What is being asked: Retype, without changes, every line from the line that contains "Personalised feedback β" through the final line of the records. Exclude pictures.
(Beginning of Records shown)
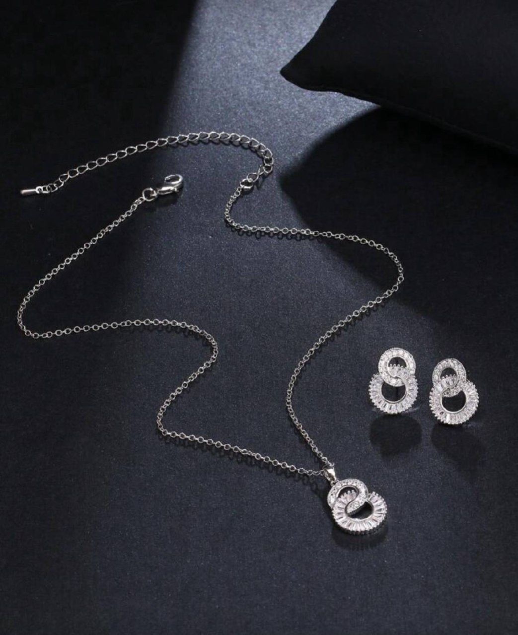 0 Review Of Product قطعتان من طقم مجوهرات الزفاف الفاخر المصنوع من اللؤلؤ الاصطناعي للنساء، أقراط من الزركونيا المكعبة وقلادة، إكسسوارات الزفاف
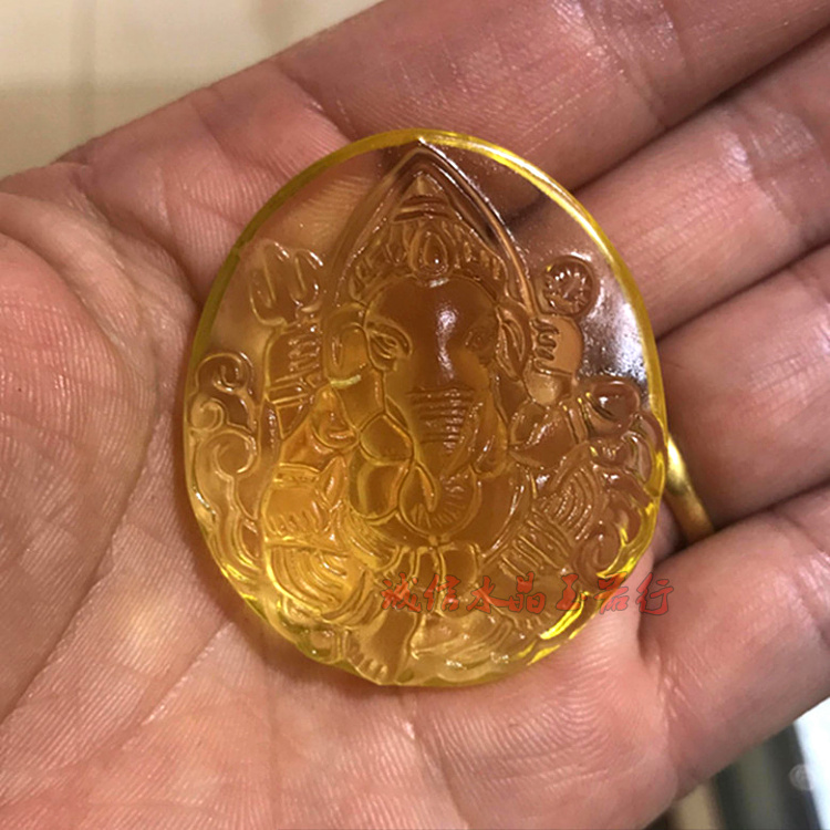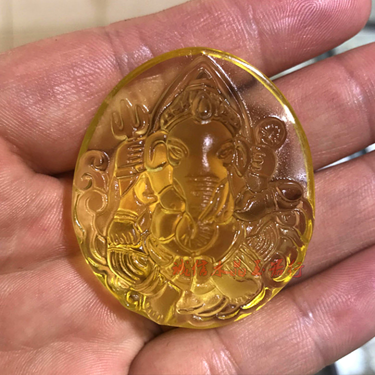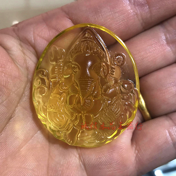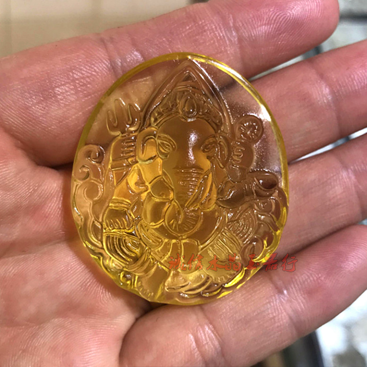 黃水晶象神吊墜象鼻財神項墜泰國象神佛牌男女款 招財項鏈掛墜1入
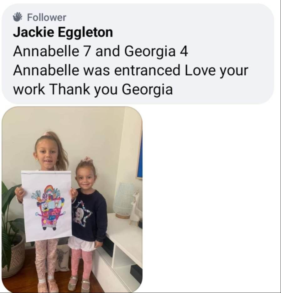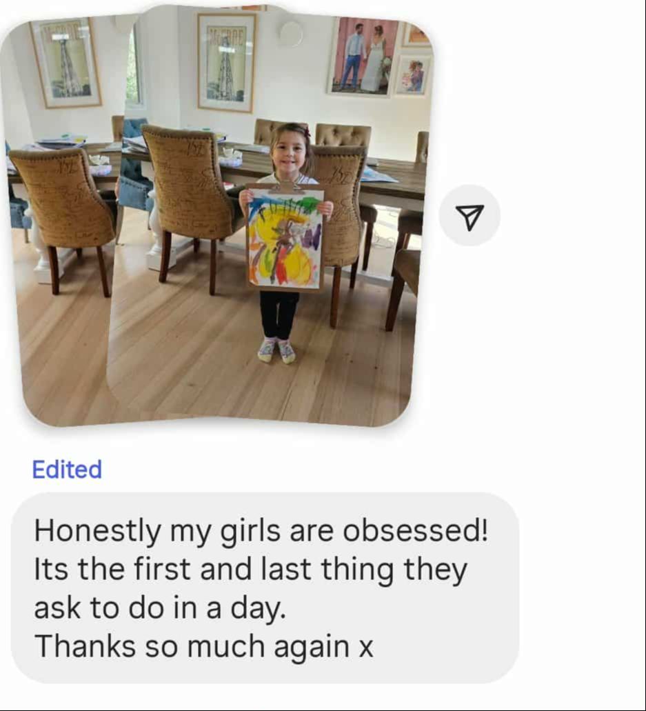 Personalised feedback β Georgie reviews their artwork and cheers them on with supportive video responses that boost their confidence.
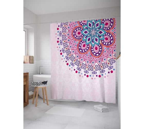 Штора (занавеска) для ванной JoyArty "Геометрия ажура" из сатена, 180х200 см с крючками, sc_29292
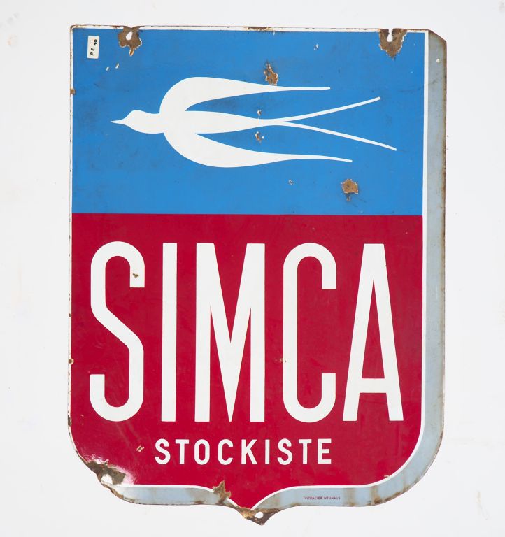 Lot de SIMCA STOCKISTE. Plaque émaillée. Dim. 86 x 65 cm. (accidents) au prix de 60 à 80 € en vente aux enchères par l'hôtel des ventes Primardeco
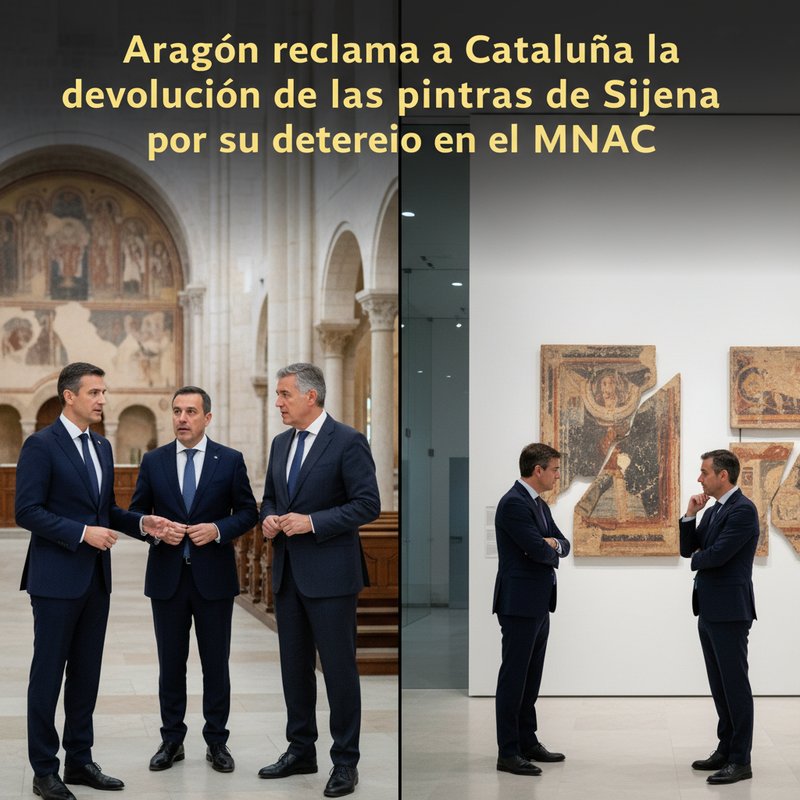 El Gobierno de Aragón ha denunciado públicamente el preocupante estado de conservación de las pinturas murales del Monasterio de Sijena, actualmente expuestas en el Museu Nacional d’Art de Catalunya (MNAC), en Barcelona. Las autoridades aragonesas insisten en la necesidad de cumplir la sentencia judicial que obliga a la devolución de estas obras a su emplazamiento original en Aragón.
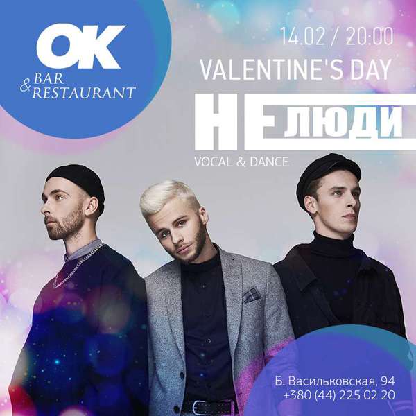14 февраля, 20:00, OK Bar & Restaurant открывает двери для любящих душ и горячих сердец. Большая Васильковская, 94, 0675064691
(End of Records shown)
Task answer:
 Personalised feedback β Georgie reviews their artwork and cheers them on with supportive video responses that boost their confidence.
 Штора (занавеска) для ванной JoyArty "Геометрия ажура" из сатена, 180х200 см с крючками, sc_29292
 Lot de SIMCA STOCKISTE. Plaque émaillée. Dim. 86 x 65 cm. (accidents) au prix de 60 à 80 € en vente aux enchères par l'hôtel des ventes Primardeco
 El Gobierno de Aragón ha denunciado públicamente el preocupante estado de conservación de las pinturas murales del Monasterio de Sijena, actualmente expuestas en el Museu Nacional d’Art de Catalunya (MNAC), en Barcelona. Las autoridades aragonesas insisten en la necesidad de cumplir la sentencia judicial que obliga a la devolución de estas obras a su emplazamiento original en Aragón.
14 февраля, 20:00, OK Bar & Restaurant открывает двери для любящих душ и горячих сердец. Большая Васильковская, 94, 0675064691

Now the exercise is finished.